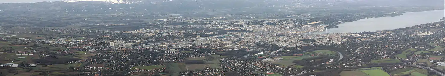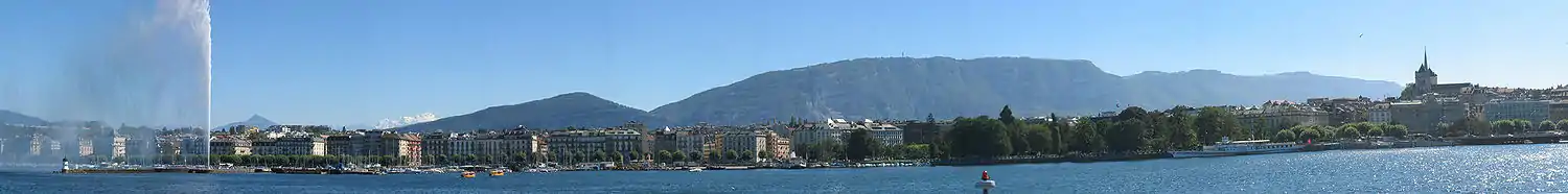 Река Рона делит город на две части. На левом берегу Роны исторический центр с собором Святого Петра и готической ратушей, на правом берегу — Дворец Наций и железнодорожный вокзал. Главная достопримечательность — фонтан высотой 147 метров.
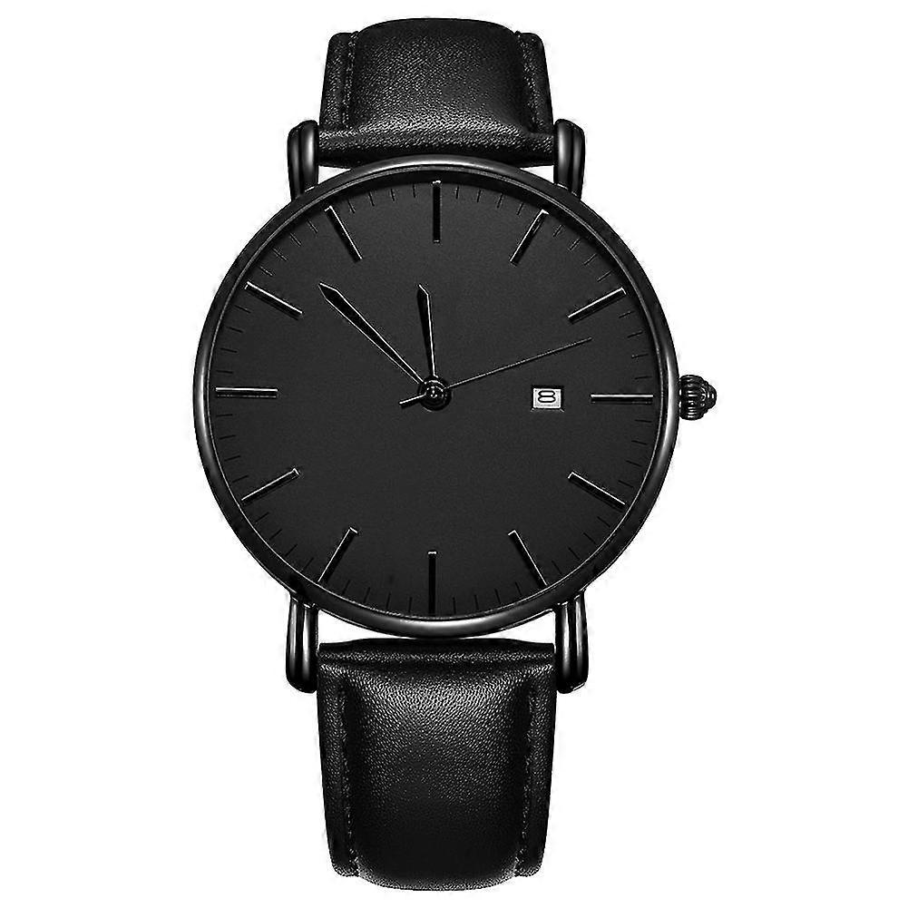 Business Men Minimalist Calendar Round Dial Faux Leather Band Quartz Watch
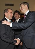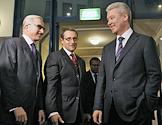 Слева направо: президент Ассоциации Банков Центральной России Гарегин Тосунян, председатель правления банка "Уралсиб" Ильдар Муслимов, президент финансовой корпорации "УРАЛСИБ" Николай Цветков во время VIII Дня Банкира, организованного деловым еженедельником "Итоги" и Международным рейтинговым агентством Fitch Ratings совместно с Российским союзом промышленников и предпринимателей. Бал прошел в отеле "Балчуг Кемпински Москва".
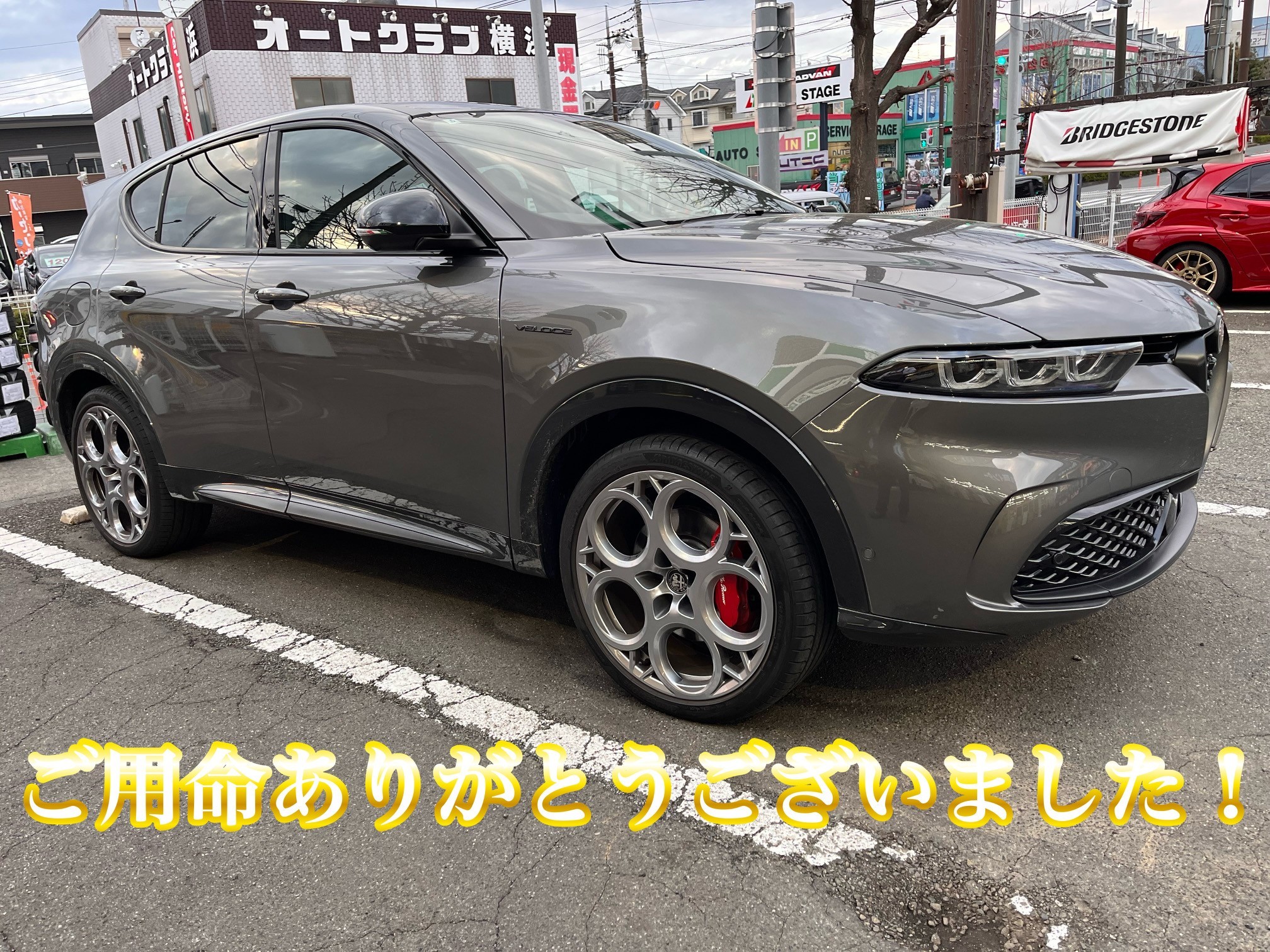 タイヤ交換でいつもご利用いただく〇〇様のアルファロメオ トナーレでございます。

* [Your goal]
The reply must hold every line above exactly as written and none of the pictures.

* [Completed task]
 Река Рона делит город на две части. На левом берегу Роны исторический центр с собором Святого Петра и готической ратушей, на правом берегу — Дворец Наций и железнодорожный вокзал. Главная достопримечательность — фонтан высотой 147 метров.
 Business Men Minimalist Calendar Round Dial Faux Leather Band Quartz Watch
 Слева направо: президент Ассоциации Банков Центральной России Гарегин Тосунян, председатель правления банка "Уралсиб" Ильдар Муслимов, президент финансовой корпорации "УРАЛСИБ" Николай Цветков во время VIII Дня Банкира, организованного деловым еженедельником "Итоги" и Международным рейтинговым агентством Fitch Ratings совместно с Российским союзом промышленников и предпринимателей. Бал прошел в отеле "Балчуг Кемпински Москва".
 タイヤ交換でいつもご利用いただく〇〇様のアルファロメオ トナーレでございます。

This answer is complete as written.